Consider that if Indigenous People were naturally adept at adjusting to modern culture, and in particular to the world of business and commerce, we wouldn’t have much of a reason to look at their culture at all. We would just assume that modern culture is better and point to their easy adjustment as a sign that our way is better. We might look at their prior culture from an anthropological perspective and point out how interesting their lives were and then wax poetic about how great it is that we were able to save them from their primitive lives and deliver them to the much better modern world with all our modern conveniences, technology, and sophistication.

I don’t mean to make generalizations, as there are a good many Indigenous People who walk quite effectively between the worlds of Indigenous and modern culture, but there is a large majority of traditional Indigenous People who can barely make it in the big cities. They find them too noisy, too fast, too complicated, and too disconnected from nature. They don’t instinctively take to such tools of modern society as technology, spreadsheets, legalese, and deal negotiation. My Navajo relations have a tradition of burying the umbilical cord of their newborn babies on the land of their ancestors as a way of connecting their children with the Earth at the time of their beginning. As the children grow they are taught of this connection and reminded that a piece of them will always live in “this land.” This is a cultural tradition that remains strong to this day and speaks to why it is so difficult for many Navajo people to leave their homes and move to the big cities.

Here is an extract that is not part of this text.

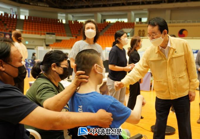 [½Ã»çÁ¾ÇսŹ® = ¿À½ÂÅà ±âÀÚ] ±èÁ¾½Ä ¸ñÆ÷½ÃÀåÀÌ Äڷγª19 ¿¹¹æÁ¢Á¾ ÇöÀåÀ» ¹æ¹®ÇØ ±Ù¹«ÀÚ¿Í Á¢Á¾ ´ë»óÀÚ¸¦ °Ý·ÁÇß´Ù.

There is something for us all to learn from the observation of how Indigenous People struggle so much in the modern world. Just as any parent will attest to moments of illumination from their five-year-old, or a teacher learning from a student, or a scientist stumbling on a great discovery by accident, or physical illness teaching us about health and respecting our body. The point is that we so often learn our greatest lessons from unexpected places, and that significant learning can come from discord, disharmony, and disconnection. Nice lessons tied up in a pretty box with a bow tend not to draw our attention as closely or as deeply as those that are thrust upon us through confusion and difficulty.

Indigenous People do have a very significant learning for those of us immersed in the business world, one that can deliver us to balance and harmony and shared abundance for all. The irony isn’t an irony, it’s the discord that draws our attention closer, that sparks our interest and desire to understand why this modern world is so difficult for traditional Indigenous People to comprehend and to adapt to. There in lies the lesson. Our modern world is upside down to the Indigenous mindset, which begs the question: Why?